The term ICOS —inducible T cell co-stimulators— has been prominent in my work as a science writer at Promega, recently. Here is a brief look at ICOS, how it works, and how it can be used in therapeutics research and development.
T cells do amazing things, like driving or blocking production of B cells and their related antibodies and antibody maturation, and they are the primary drivers of innate immunity. T cells have a variety of surface molecules, the primary and omnipresent T cell receptor (TCR), as well as CD3.
In the past 15 years or so, researchers have identified other, inducible receptors on T cells. These receptors appear when T cells are stimulated, enabling interactions with other cell types. The following information is summarized from a Frontiers in Immunology review by Wikenheiser et al.
What is ICOS (inducible T cell co-stimulators)?
ICOS or ‘inducible T cell co-stimulators’ are T cell surface molecules that appear only after the T cell receptor (TCR) is bound or after CD3 cross-linking. They are not constitutively expressed on the T cell surface.
ICOS is involved in activation and stimulation of T cells, in collaboration with other surface molecules like the T cell receptor (TCR) and CD3. Once attached to the ICOS ligand (ICOSL), ICOS sends signals to the nucleus through a cascade of molecules including p85alpha, p110delta and OPN (osteopontin).
Need a reminder on T cell and B Cell function? This immunology primer might help.
Ten Things to Know about ICOS
1) ICOS plays an essential role in development of adaptive immunity. It was identified first in humans, then in mice.
2) ICOS is necessary for development of memory T cells. Human ICOS deficiency is associated with fewer circulating CD4+ memory T cells relative to healthy controls. Data suggest ICOS promotes formation and maintenance of a stable population of CD4+ memory T cells, and in certain cases may influence their re-activation.
3) ICOS promotes induction, maintainance and follicular homing of T follicular helper cells.
4) ICOS is a member of the immunoglobulin (Ig) family of receptors.
5) ICOS structure is similar to CD28, but their roles are exclusive. While CD28 and CTLA-4 interact with corresponding receptors CD80 and CD86, ICOS interacts exclusively with ICOSL.
6) ICOSL is found mainly on mature antigen-presenting cells. It’s expression is downregulated following binding to ICOS.
7) ICOS deficient T cells have a proliferation defect in vitro, and Icos-/- mice, after antigen treatment, have smaller lymph nodes than normal mice treated with the same antigen.

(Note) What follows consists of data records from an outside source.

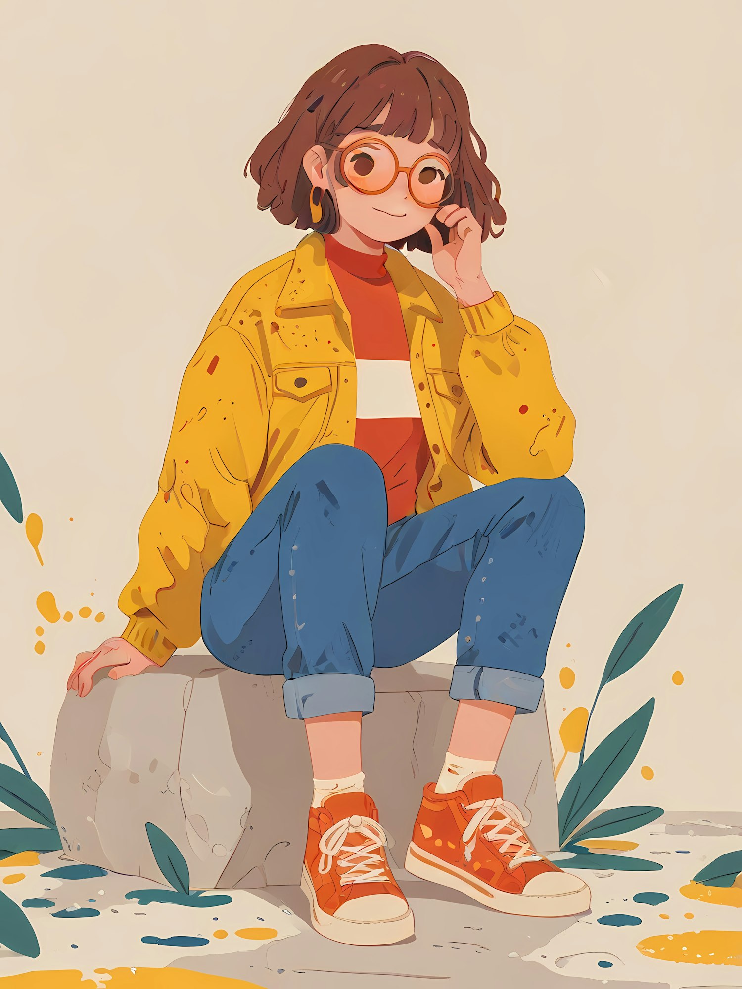 Stylish young woman in a yellow jacket and orange sneakers, sitting on a stone block with a cheerful expression. Vibrant and artistic.
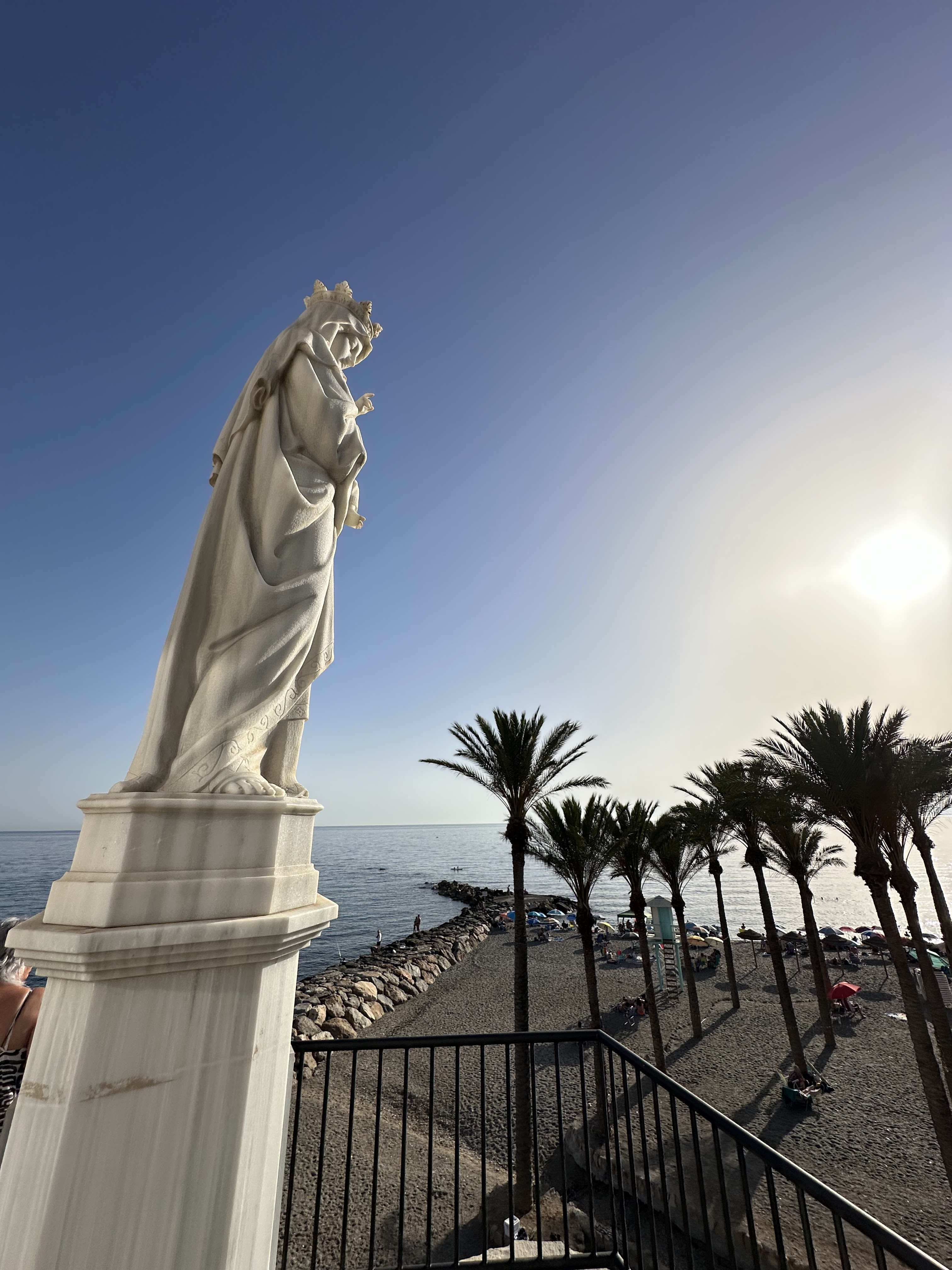 Desde aquí, se pueden admirar las impresionantes vistas de la costa, el Mar Mediterráneo y los alrededores. La escultura de la Virgen del Carmen, patrona de los marineros, añade un toque espiritual y cultural a este mirador con su minucioso tallado en mármol blanco que se ha convertido en uno de los rincones más especiales donde los fervientes rinden su devoción con ofrendas florales.»
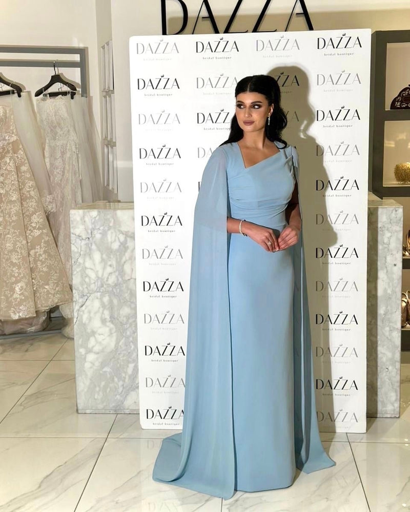 Elegant Blue Chiffon Evening Dress with Cape Sleeve SF037
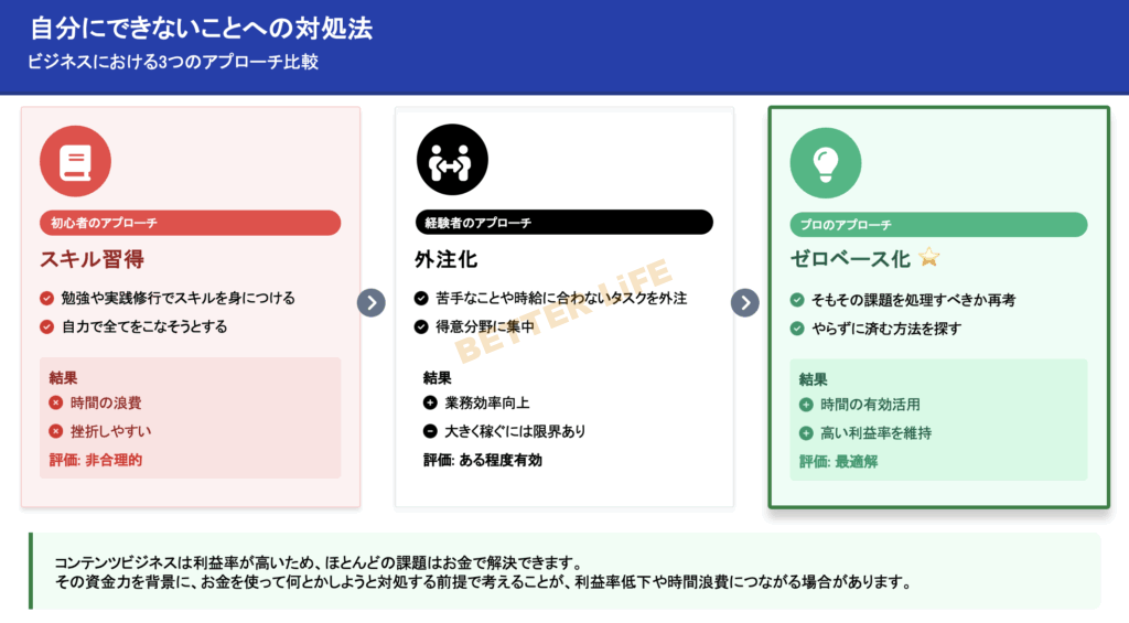 以上を踏まえて、自分ができないことに直面した際の理想的な対処法としては、ゼロベース化をするということです。

8) In response to various infective agents, viral, bacterial or parasitic, ICOS regulates T helper cell subsets, by either promoting or inhibiting Th1 and Th2 immune responses. In M. tuberculosis-infected, ICOS-deficient mice, the Th1 response was strong, while Treg T cell populations were greatly reduced. Furthermore, M. tuberculosis infection was controlled in the spleens of ICOS-deficient mice, eventually, but not in their lungs.
9) Development of Th2 immunity appears to be more reliant on ICOS signaling than is Th1 immunity. In several infection models, disruption of ICOS signaling led to decreased IL-4 production, as well as reduced expansion of CD4+ T cells, required for Th2 immunity. Similar to infection models that induce a Th1 response, the absence of ICOS signaling did not completely suppress the development of Th2 immunity, but rather delayed it.
10) While early observations connected ICOS co-stimulation with Ab production, these authors found conflicting results on the role of ICOS in promoting Ab responses. What is certain is that ICOS is a critical component in the production of isotype-switched IgGs, particularly affinity-matured Abs.
ICOS as a Target for Therapeutics
Data cited by Wikenheiser et al. suggest that ICOS plays a role in promoting tissue damage seen in systemic lupus erythematosis (SLE) disease progression in mice and humans. Graft versus host disease (GVHD) and airway hyperreactivity (AHR), an indicator of asthma, can both be promoted by ICOS, and therapeutic antibodies designed to block ICOS, have shown promise, but also serious and unintended side effects.
ICOS and ICOSL blocking or promoting therapies are poised to provide relief to suffers of autoimmune and other disease syndromes such as SLE and GVHD.
Yet there are unanswered questions and room for discovery in the roles of ICOS and ICOSL in T cell development.
Reference
Wikenheiser, D.J. and Stumhofer, J.S. (2016) ICOS Co-Stimulation: Friend or Foe? Front. Immunol. 7:304.